* **ENTRIES SUPPLIED**:
——

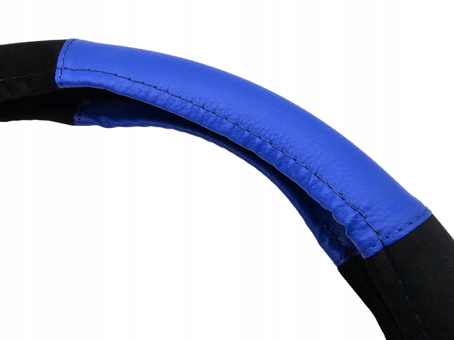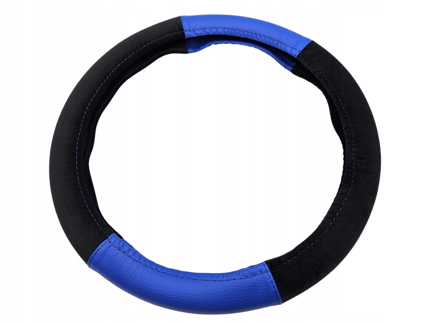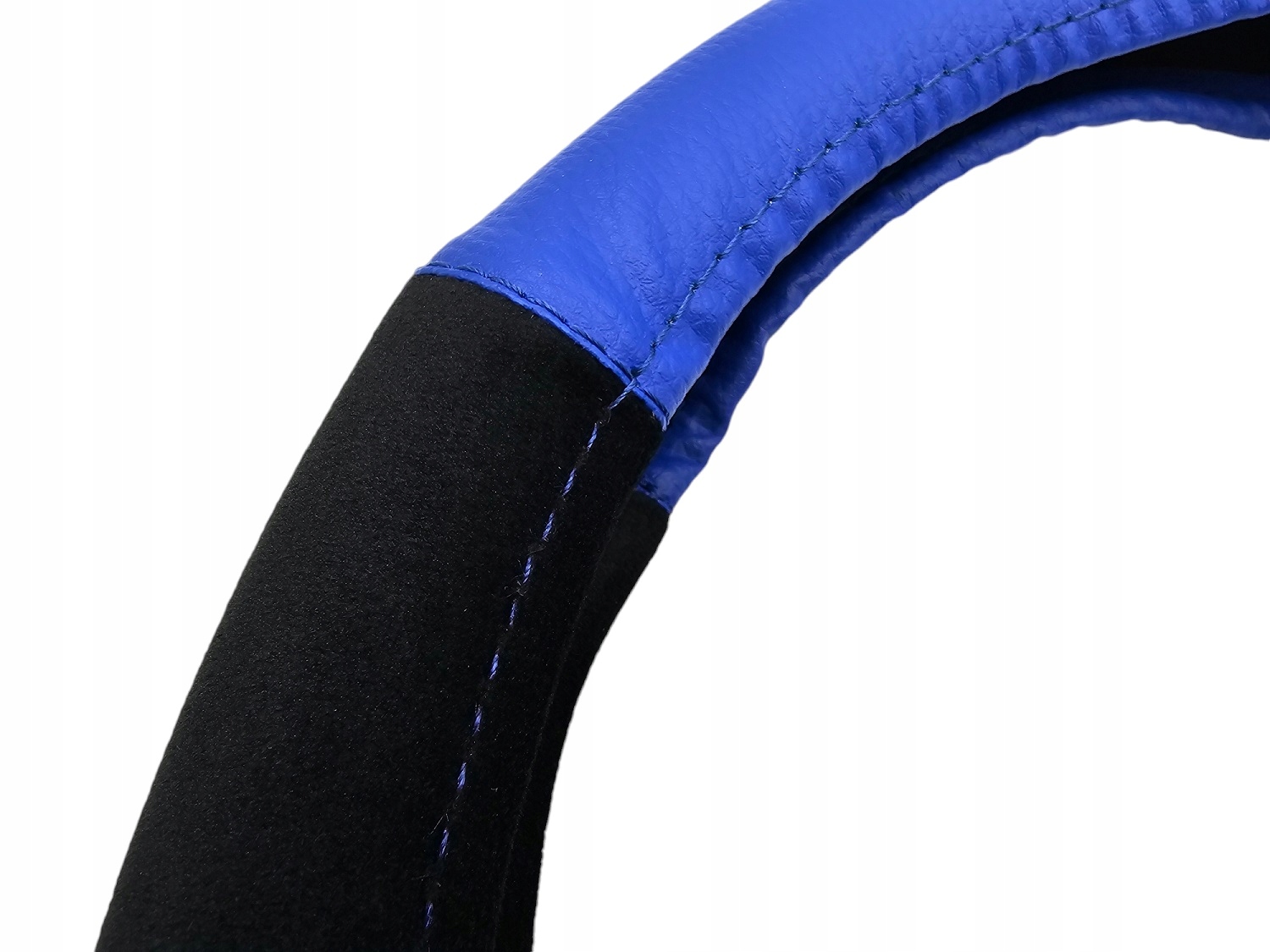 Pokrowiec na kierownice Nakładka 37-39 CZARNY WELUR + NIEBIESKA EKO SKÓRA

——

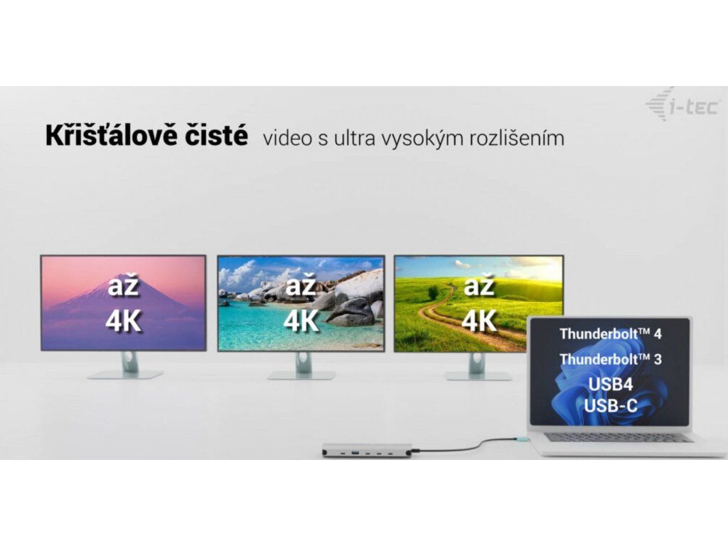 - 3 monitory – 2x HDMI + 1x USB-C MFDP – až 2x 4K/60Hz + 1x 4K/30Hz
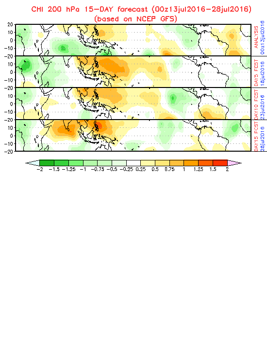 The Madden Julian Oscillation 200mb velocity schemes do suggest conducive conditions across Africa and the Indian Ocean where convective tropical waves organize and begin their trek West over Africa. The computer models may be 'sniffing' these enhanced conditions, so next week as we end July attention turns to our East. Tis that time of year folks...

——

From the line containing "- 3 monitory" through the line containing "The Madden Julian", copy every line above exactly, without pictures.

 - 3 monitory – 2x HDMI + 1x USB-C MFDP – až 2x 4K/60Hz + 1x 4K/30Hz
 The Madden Julian Oscillation 200mb velocity schemes do suggest conducive conditions across Africa and the Indian Ocean where convective tropical waves organize and begin their trek West over Africa. The computer models may be 'sniffing' these enhanced conditions, so next week as we end July attention turns to our East. Tis that time of year folks...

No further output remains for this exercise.